Regia di Juan Josè Campanella vedi scheda film
Rafael si concentra sul lavoro e trascura gli affetti: una fidanzata forse inadatta, un’ex moglie e una figlia piccola, una madre malata di Alzheimer. Un infarto – e la ricomparsa di un vecchio amico, anch’egli provato duramente dalla sorte – fanno riconsiderare a Rafael tutta la sua vita.

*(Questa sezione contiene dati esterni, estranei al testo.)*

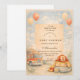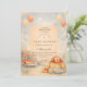 Celebrate a little hero on the way with this cute firefighter baby shower design, illustrated in a warm, storybook style. Featuring classic firefighter details like a helmet, jacket, boots, and fire truck accents, the artwork feels sweet, cozy, and timeless rather than loud or cartoonish.
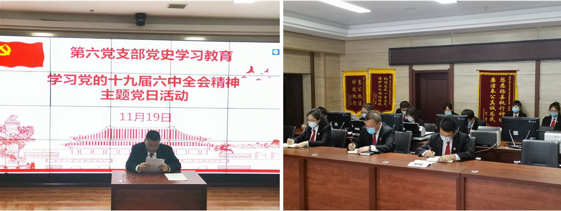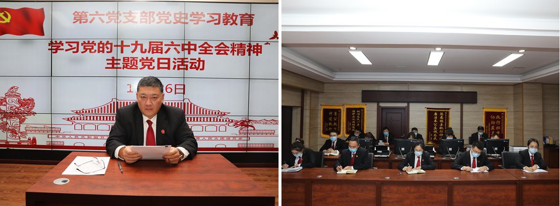 第六党支部连续两个周五召开集中政治学习,分别学习了《中国共产党第十九届中央委员会第六次全体会议公报》和中央政法委秘书长陈一新在学习时报的署名文章《深刻把握六中全会精神的核心要义和实践要求》,市中院党组成员、副院长于夫鑫作为普通党员参加政治学习。为创新学习方法,第六党支部组织干警通过极光新闻APP-全会精神随身听模块开展自学,努力做到从党的百年奋斗重大成就和历史经验中感悟初心、增强自信、汲取力量,确保学用结合、学以致用,听党话、感党恩、跟党走。

La storia è intrigante, con un intreccio molto fitto e azzeccato, personaggi in tre dimensioni e dialoghi mediamente realistici, con una battuta perfino da incorniciare: “Dio non è vecchio o giovane, Dio non è uomo o donna, Dio non è bianco o nero”, dice il prete e il protagonista replica “No, quello è Michael Jackson”. Ecco, il protagonista: è Ricardo Darin l’altro valore aggiunto dell’opera, che dà vita a un personaggio piuttosto difficile, colmo di lati negativi e destinato a uno sconvolgimento psicologico a 180 gradi (cosa ardua da far accettare al pubblico). Al di là di questi evidenti meriti, che pochi non sono, Il figlio della sposa mette in scena una parabola con toni da La vita è meravigliosa (Frank Capra, 1946) e atmosfere dickensiane che possono qua e là urtare per via di un eccessivo sentimentalismo, di una ricerca del tocco melenso e patetico che vada incontro al singhiozzo dello spettatore; ma il realismo non abbandona mai del tutto la sceneggiatura del regista Juan Josè Campanella e di Fernando Castets, capace anche di descrivere una malattia atroce quale l’Alzheimer evitando il pietismo o la banalizzazione. Probabilmente senza lo scontato lieto fine il film sarebbe potuto essere molto più interessante: ma sarebbe anche stato altrettanto più coraggioso e, questo è certo invece, non sarebbe arrivato alla nomination per gli Oscar come miglior film mondiale. 5/10.